WORK TASK >>
Output exactly the line containing "O Creme Facial" and each line after it through the last line of the records, and nothing else.
[[ DATA PROVIDED open ]]
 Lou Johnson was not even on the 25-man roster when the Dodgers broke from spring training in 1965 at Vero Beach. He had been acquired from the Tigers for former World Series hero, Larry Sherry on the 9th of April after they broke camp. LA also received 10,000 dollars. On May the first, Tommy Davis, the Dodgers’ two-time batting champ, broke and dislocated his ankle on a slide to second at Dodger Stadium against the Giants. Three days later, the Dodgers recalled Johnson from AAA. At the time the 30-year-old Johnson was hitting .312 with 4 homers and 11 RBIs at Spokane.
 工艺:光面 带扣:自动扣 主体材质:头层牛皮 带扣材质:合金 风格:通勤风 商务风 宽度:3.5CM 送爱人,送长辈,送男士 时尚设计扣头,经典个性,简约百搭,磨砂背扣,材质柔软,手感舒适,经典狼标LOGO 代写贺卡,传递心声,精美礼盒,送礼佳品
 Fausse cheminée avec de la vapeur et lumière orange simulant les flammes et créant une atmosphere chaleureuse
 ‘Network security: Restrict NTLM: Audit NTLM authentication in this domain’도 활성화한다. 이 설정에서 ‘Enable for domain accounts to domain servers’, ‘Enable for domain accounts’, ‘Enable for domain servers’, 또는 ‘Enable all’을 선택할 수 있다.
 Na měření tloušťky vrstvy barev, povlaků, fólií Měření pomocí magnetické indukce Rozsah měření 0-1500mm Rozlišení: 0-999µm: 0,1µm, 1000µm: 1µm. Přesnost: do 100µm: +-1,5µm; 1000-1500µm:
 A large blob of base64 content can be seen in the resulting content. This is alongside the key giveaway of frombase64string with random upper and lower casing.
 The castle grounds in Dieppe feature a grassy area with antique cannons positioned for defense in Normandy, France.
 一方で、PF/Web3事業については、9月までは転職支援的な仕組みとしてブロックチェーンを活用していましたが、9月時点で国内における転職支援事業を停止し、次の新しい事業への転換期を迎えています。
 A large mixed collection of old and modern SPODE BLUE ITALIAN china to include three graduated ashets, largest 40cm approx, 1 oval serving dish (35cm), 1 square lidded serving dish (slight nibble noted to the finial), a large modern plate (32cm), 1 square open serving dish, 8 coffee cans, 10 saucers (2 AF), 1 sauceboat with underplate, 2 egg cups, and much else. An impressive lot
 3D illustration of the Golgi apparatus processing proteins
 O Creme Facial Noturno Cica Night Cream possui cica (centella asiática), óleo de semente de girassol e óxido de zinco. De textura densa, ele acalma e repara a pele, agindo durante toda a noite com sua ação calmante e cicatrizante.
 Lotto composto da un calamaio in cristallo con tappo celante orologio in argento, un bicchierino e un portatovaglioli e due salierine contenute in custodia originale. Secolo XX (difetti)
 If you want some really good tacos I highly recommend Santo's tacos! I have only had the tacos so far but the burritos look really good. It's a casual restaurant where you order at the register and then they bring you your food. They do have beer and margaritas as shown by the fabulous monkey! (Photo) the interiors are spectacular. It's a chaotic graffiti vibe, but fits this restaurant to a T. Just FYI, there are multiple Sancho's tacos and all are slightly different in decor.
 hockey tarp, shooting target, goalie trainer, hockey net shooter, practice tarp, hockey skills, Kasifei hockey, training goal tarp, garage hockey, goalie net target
[[ DATA PROVIDED closed ]]
TASK OUTPUT >>
 O Creme Facial Noturno Cica Night Cream possui cica (centella asiática), óleo de semente de girassol e óxido de zinco. De textura densa, ele acalma e repara a pele, agindo durante toda a noite com sua ação calmante e cicatrizante.
 Lotto composto da un calamaio in cristallo con tappo celante orologio in argento, un bicchierino e un portatovaglioli e due salierine contenute in custodia originale. Secolo XX (difetti)
 If you want some really good tacos I highly recommend Santo's tacos! I have only had the tacos so far but the burritos look really good. It's a casual restaurant where you order at the register and then they bring you your food. They do have beer and margaritas as shown by the fabulous monkey! (Photo) the interiors are spectacular. It's a chaotic graffiti vibe, but fits this restaurant to a T. Just FYI, there are multiple Sancho's tacos and all are slightly different in decor.
 hockey tarp, shooting target, goalie trainer, hockey net shooter, practice tarp, hockey skills, Kasifei hockey, training goal tarp, garage hockey, goalie net target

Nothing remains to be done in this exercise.